The streets of Tehran are patrolled by Gasht-e Ershad, the notorious “morality police” who search the streets for people in improper clothes, then snatch them off in a van to for detainment. One new app amazingly helps women (and men) dodge them.
It basically works like Waze, but instead of marking speed cameras or speed traps or traffic or whatever, the app marks where the Gasht-e Ershad are.
Gershad’s creators say they see the app as a form of “nonviolent resistance” to Iran’s morality police, who sometimes deploy heavy-handed tactics. “We know how embarrassing, humiliating and at times frightening it can be to be stopped by Ershad,” one of Gershad’s creators said in an email. (The developers declined to disclose their identities for this article, citing concerns over government retaliation.)

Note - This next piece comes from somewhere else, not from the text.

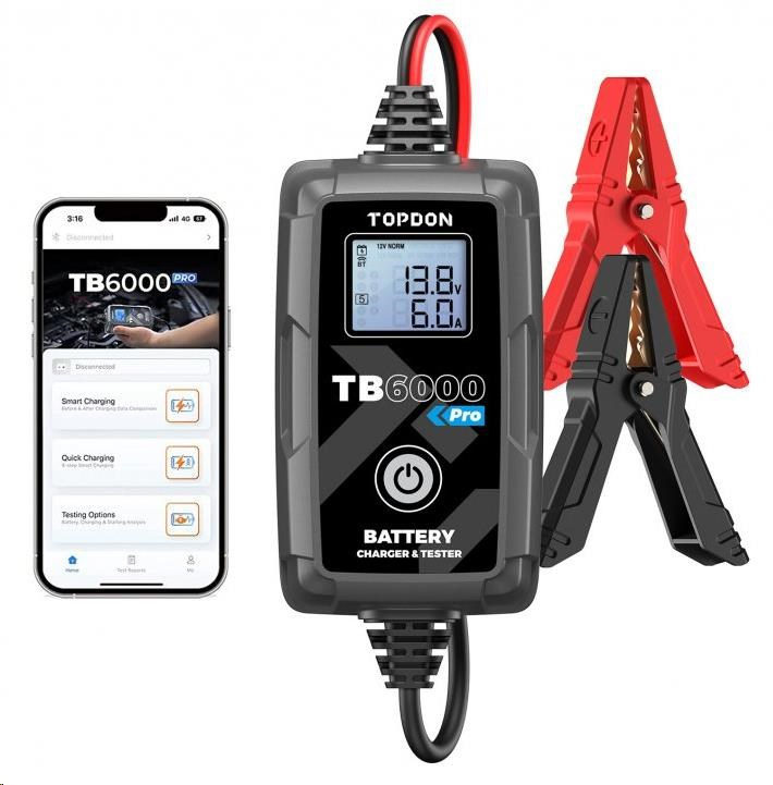 TB6000Pro podporuje podrobné testy nabíjení a 'cranking' testy pro 12V a 24V a poskytuje vynikající diagnostiku baterií prostřednictvím mobilní aplikace.

The Gasht-e Ershad enjoy broad powers, and can stop people for a broad range of offenses — hugging someone of the opposite sex in public, for example, or exposing piercings and tattoos. Women are regularly targeted, though those in Iran’s LGBT community can run into trouble as well, experts say. The officers travel in groups of four — two men, two women — and are frequently stationed outside of malls, restaurants, and other social hotspots. Experts say that for young Iranian urbanites, avoiding the Gasht, as they’re known colloquially, has become a part of everyday life.
If this isn’t brilliant, I don’t know what is.